[Opening Source data section]

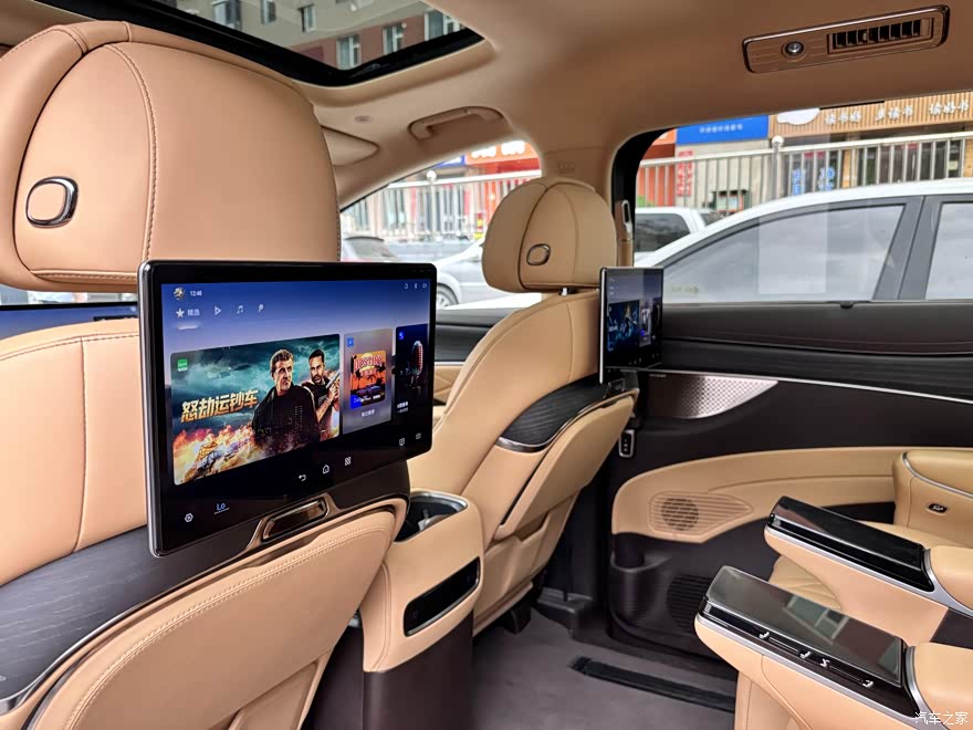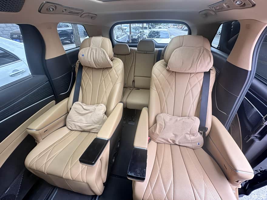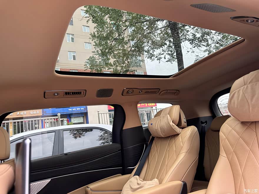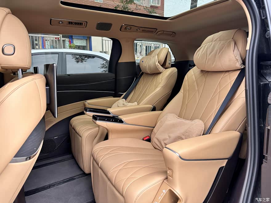 内饰方面材质用料上确实是很良心,首先全车座椅都用的Nappa真皮,坐上去柔软舒适承托性好,配合中排16点的气动按摩,简直就是头等舱的享受,而且前排也有10点的座椅按摩,有效缓解长途驾驶疲劳。另外我还比较喜欢的一个功能是压缩机冷暖箱,能实现-6℃至50℃温控范围,实测冰镇饮料达4℃需35分钟,保温辅食可持续6小时以上,简直就是神器。还有扶手屏上有座椅的调节模式,四人舒享、七人舒享、七人满载,相当好用,完全可以充当三个座椅位置记忆使用。
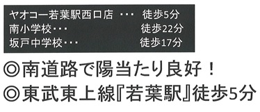 | 交通 | 東武東上線 若葉駅まで 徒歩5分 |
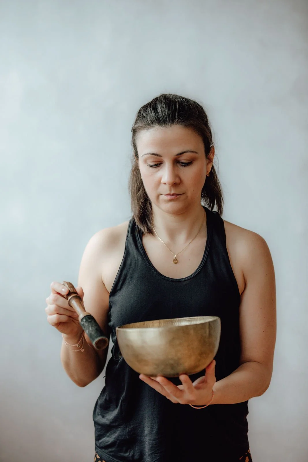 Eine Frau hält eine Klangschale in der Hand und einen Klöppel, steht vor einem hellgrauen Hintergrund.
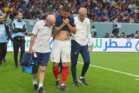 在22日法国队与澳大利亚队的D组小组赛中,卢卡斯在一次防守后倒地不起,随后被弟弟特奥换下。法国队证实,卢卡斯伤势严重,将无法参加后面的比赛。

[Closing Source data section]

Work task: The listing above should be returned word for word, with pictures omitted.

Written answer:
 内饰方面材质用料上确实是很良心,首先全车座椅都用的Nappa真皮,坐上去柔软舒适承托性好,配合中排16点的气动按摩,简直就是头等舱的享受,而且前排也有10点的座椅按摩,有效缓解长途驾驶疲劳。另外我还比较喜欢的一个功能是压缩机冷暖箱,能实现-6℃至50℃温控范围,实测冰镇饮料达4℃需35分钟,保温辅食可持续6小时以上,简直就是神器。还有扶手屏上有座椅的调节模式,四人舒享、七人舒享、七人满载,相当好用,完全可以充当三个座椅位置记忆使用。
 | 交通 | 東武東上線 若葉駅まで 徒歩5分 |
 Eine Frau hält eine Klangschale in der Hand und einen Klöppel, steht vor einem hellgrauen Hintergrund.
 在22日法国队与澳大利亚队的D组小组赛中,卢卡斯在一次防守后倒地不起,随后被弟弟特奥换下。法国队证实,卢卡斯伤势严重,将无法参加后面的比赛。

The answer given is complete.